L’impact investing fa passi da gigante
Ma a vivere la crescita più rapida è l’impact investing, o finanza a impatto. Con questa politica di investimenti sostenibili, aziende, organizzazioni e fondi si pongono due obiettivi: il ritorno finanziario, come in qualsiasi investimento convenzionale, e un impatto positivo, concreto e misurabile, sulla società e sull’ambiente. Si tratta di una realtà relativamente nuova, che sta vivendo una vera e propria esplosione. Nel 2011 l’Europa era a quota 8,75 miliardi di euro, nel 2013 a 20 miliardi e nel 2015 a più di 98 miliardi, con un impressionante +385 per cento in soli due anni. Questi investimenti sono pressoché monopolizzati da Paesi Bassi (più di 40 miliardi di euro) e Danimarca (più di 30 miliardi), ma nei prossimi anni bisognerà attendersi cifre interessanti anche da altri paesi europei.
L’avanzata dei green bond
Il rapporto Eurosif sugli investimenti sostenibili non poteva non tenere d’occhio i green bond, cioè quelle obbligazioni che vengono emesse per finanziare progetti legati al contrasto al cambiamento climatico. Nel 2015, nel mondo, sono stati emessi green bond per 40 miliardi di dollari, un valore che probabilmente verrà “doppiato” nel corso di quest’anno, visto che il 9 agosto le nuove emissioni avevano già raggiunto i 44 miliardi di dollari.

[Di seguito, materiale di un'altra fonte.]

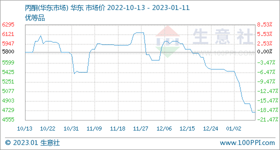 1月11日生意社丙酮(华东市场)基准价为4700.00元/吨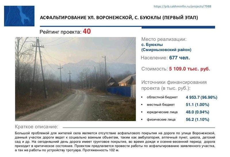 - Асфальтирование ул. Воронежской, с. Буюклы (первый этап)

Proprio perché in rapidissima ascesa, sottolinea Eurosif, questo comparto sente il forte bisogno di chiarezza. Gli investitori infatti sono sempre più avidi di informazioni precise sui progetti in cui vengono investiti i proventi delle obbligazioni, per capire di chi si possono davvero fidare. “È importante seguire delle caratteristiche e delle regole se si vuole che i green bond rappresentino una vera svolta e per assicurare un buon livello di fair play. In un’industria in cui le definizioni talvolta rimangono in sospeso, questo non è facile. La Commissione, super partes, può decidere di intervenire per fare maggior chiarezza, ma allo stesso tempo, forse preferisce lasciare fare al mercato. Ci sono sicuramente pro e contro a ciascuna di queste opzioni”, commenta Flavia Micilotta.

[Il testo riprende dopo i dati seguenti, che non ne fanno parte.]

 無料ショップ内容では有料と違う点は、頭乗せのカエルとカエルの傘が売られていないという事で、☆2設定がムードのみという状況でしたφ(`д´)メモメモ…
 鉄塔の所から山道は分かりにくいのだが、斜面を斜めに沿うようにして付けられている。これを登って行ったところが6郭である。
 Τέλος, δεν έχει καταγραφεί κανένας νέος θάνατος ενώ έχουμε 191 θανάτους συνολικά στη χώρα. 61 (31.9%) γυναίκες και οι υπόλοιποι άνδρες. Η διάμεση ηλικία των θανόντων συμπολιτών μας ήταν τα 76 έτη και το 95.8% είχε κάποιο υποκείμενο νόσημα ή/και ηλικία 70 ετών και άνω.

Ad oggi le principali iniziative di auto-regolamentazione sono due, Green Bond Principles e Climate Bond Initiative, e a entrambe si aderisce su base volontaria. Parallelamente, sono sempre di più le società che si affidano a una società di revisione esterna per garantire che i progetti finanziati con i green bond siano davvero “verdi”.